# [The problem]
Starting at the first line of the data, print each line verbatim up to and including the line bearing "18. For 2005-06", omitting pictures.

_ _ _

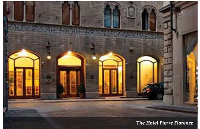
The Hotel Pierre Florence

Due Torri Hotel, Verona is a 5 star historic hotel set in the heart of Verona and situated a short walk from the famous Verona Arena.
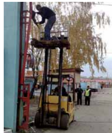
Way too many companies still turn to their forklift and a pallet to carry out work at height, and all too often an accident occurs - look at the observer with his Hi-Viz vest - talk about distorted priorities!
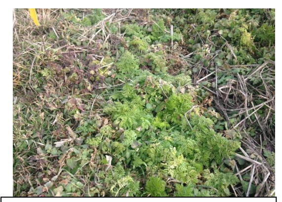
Treatment 2, metsulfuron: Plants yellowed, but no obvious twisting.
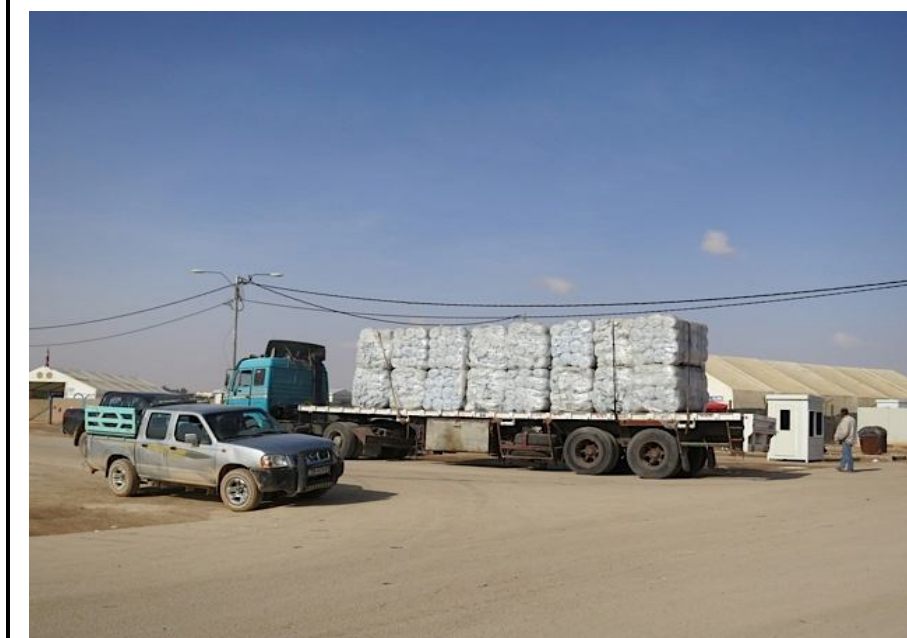
Blankets for winterization.
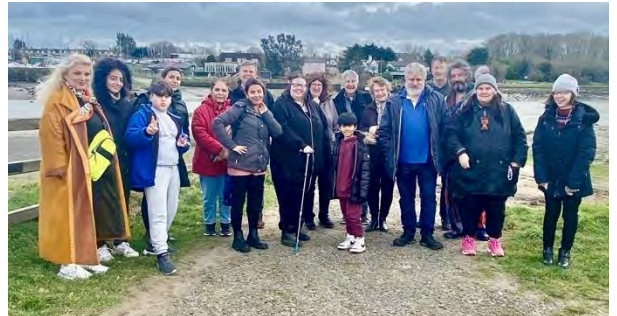
Church Away Day in South Woodham Ferrers

Outreach fireworks and fellowship party and prayer event. Safeguarding training organised by CFS in line with Policies and Procedures
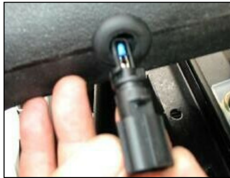
18. For 2005-06 Vehicles: Install the supplied rubber grommet with the hole. Next, install the factory air temp sensor retained from step 3 into the grommet.
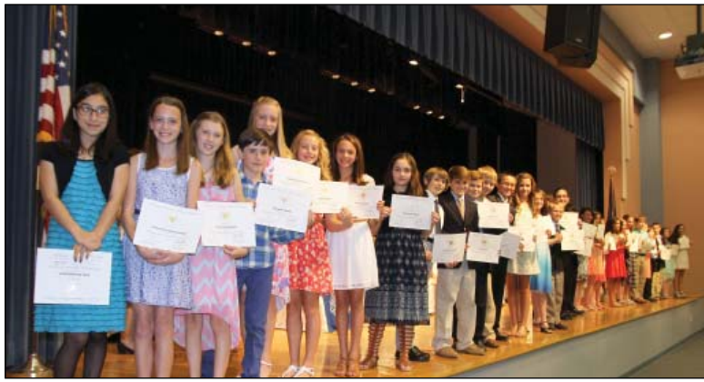
Presidential Scholars As Far as the Eye Can See ... At the Sixth-Grade Graduation, we had so many Presidential Scholars, they nearly spilled off the stage!
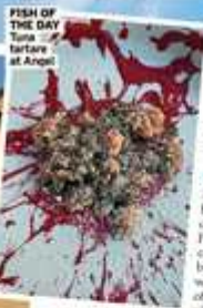
FISH OF THE DAY Tartare at Angel
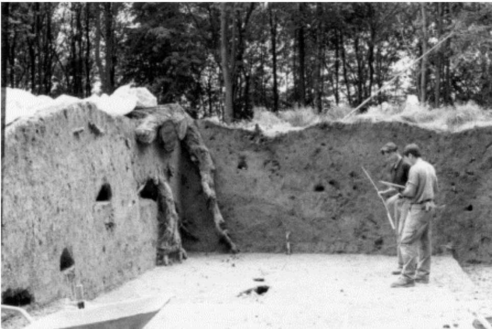
Tumulus 17: Iron Age Burial Mound, Germany

_ _ _

# [Problem solution]
The Hotel Pierre Florence

Due Torri Hotel, Verona is a 5 star historic hotel set in the heart of Verona and situated a short walk from the famous Verona Arena.
Way too many companies still turn to their forklift and a pallet to carry out work at height, and all too often an accident occurs - look at the observer with his Hi-Viz vest - talk about distorted priorities!
Treatment 2, metsulfuron: Plants yellowed, but no obvious twisting.
Blankets for winterization.
Church Away Day in South Woodham Ferrers

Outreach fireworks and fellowship party and prayer event. Safeguarding training organised by CFS in line with Policies and Procedures
18. For 2005-06 Vehicles: Install the supplied rubber grommet with the hole. Next, install the factory air temp sensor retained from step 3 into the grommet.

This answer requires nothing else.